From: Ayers, Mike (Mike_Ayers@bmc.com)
Date: Thu Mar 08 2001 - 21:02:39 EST


        If you really want to finish the job, there's always UTF-32, which
should do rather nicely until we meet the space aliens aith the
4,293,853,186 character alphabet!

/|/|ike

P.S. No, they're not Klingons!

> From: Ienup Sung [mailto:ienup.sung@eng.sun.com]
>
> I think we shouldn't advocate that since there will be only 43K
> CJK characters at the SIP, about 1.6K characters at SMP, and, 97 tag
> characters at SPP, we can ignore such the characters and the
> additional planes
> of the UTF-16/32 of Unicode 3.1. Furthemore, when you're
> doing the first i18n
> on the existing programs, you can do the whole thing at once
> with minor
> additional cost if you choose to have support for UTF-16
> while you're at it
> rather than do it only for BMP/UCS-2 now and later do one
> more time of change
> even though that would be decided by each team/company who are doing
> the i18n in my opinion.
>
> And, as we all know, we can no longer claim that the UTF-16 is a fixed
> width anymore since it is variable width now as like UTF-8;
> we will just
> have to deal with it in my opinion.
>
> With regards,
>
> Ienup
>
>
> ] Date: Fri, 09 Mar 2001 10:48:52 -0800 (PST)
> ] From: addison@inter-locale.com
> ] Subject: Re: UTF8 vs. Unicode (UTF16) in code
> ] X-Sender: root@addisonp.inter-locale.com
> ] To: Ienup Sung <ienup.sung@eng.sun.com>
> ] Cc: Unicode List <unicode@unicode.org>
> ] MIME-version: 1.0
> ]
> ] Well....
> ]
> ] Actually, there is a significant difference between being "UTF-8
> ] ignorant" and "UTF-16 ignorant". A "UTF-16 ignorant"
> program thinks that
> ] surrogate pairs are just two characters with undefined
> properties. Since
> ] currently there are no characters "up there" this isn't a really big
> ] deal.

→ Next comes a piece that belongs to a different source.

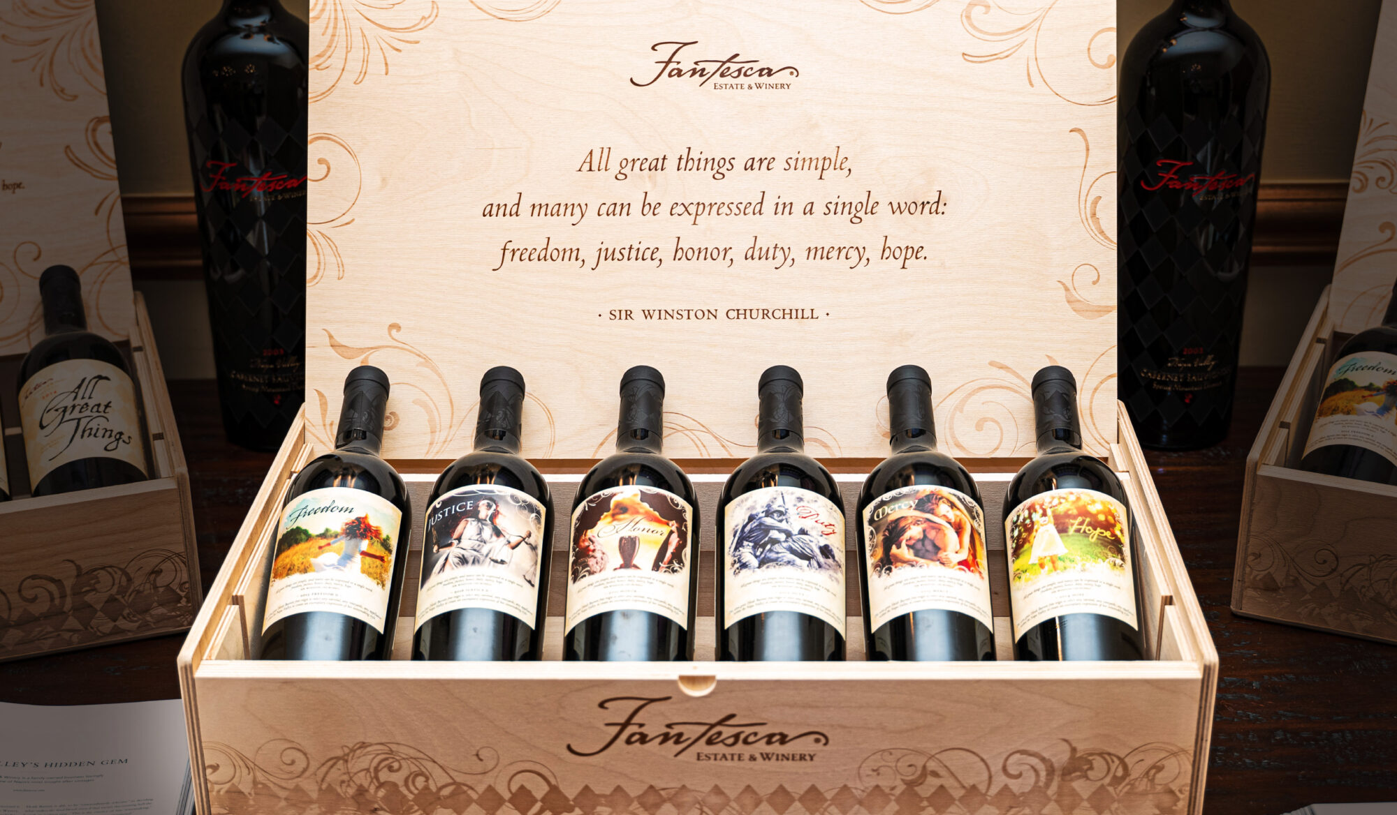 Working with Fantesca Estate & Winery for almost 20 years has been one of our most rewarding creative partnerships. From the very beginning, DESIGNTHIS! has played an integral role in building and evolving their brand identity—from creating their wine packaging to designing their website and shaping email campaigns to developing event graphics that change with the seasons.

Shortly, when Unicode 3.1 is official, there will be 40K or so
> ] characters in the supplemental planes... but they'll be
> relatively rare.
> ]
> ] In most cases where one has a "character pointer", one is
> not performing
> ] casing, line breaking, or other text interpretation that requires
> ] significant awareness of the meaning of the text. Of
> course, it depends on
> ] the instance and the application how true that is ;-). But
> in many cases
> ] you *can* ignore the fact that a high- or low-surrogate character is
> ] really part of something else.
> ]
> ] With UTF-8, however, is is impossible to ignore the
> multi-byte sequences
> ] and they can never really be treated as separate
> characters. So I guess
> ] all I'm saying is that, depending on what you need to do
> and what level of
> ] awareness your application needs to achieve, a pure "UCS-2
> port" might be
> ] a better choice than UTF-8, since the specific details
> overlooked are
> ] of a different quality.
> ]
> ] Best Regards,.
> ]
> ] Addison
> ]
> ] ===============================================================
> ] Addison P. Phillips Globalization Architect
> ] webMethods, Inc http://www.webmethods.com
> ] Sunnyvale, CA, USA mailto:aphillips@webmethods.com
> ]
> ] +1 408.210.3569 (mobile) +1 408.962.5487 (ofc)
> ] ===============================================================
> ] "Internationalization is not a feature. It is an architecture."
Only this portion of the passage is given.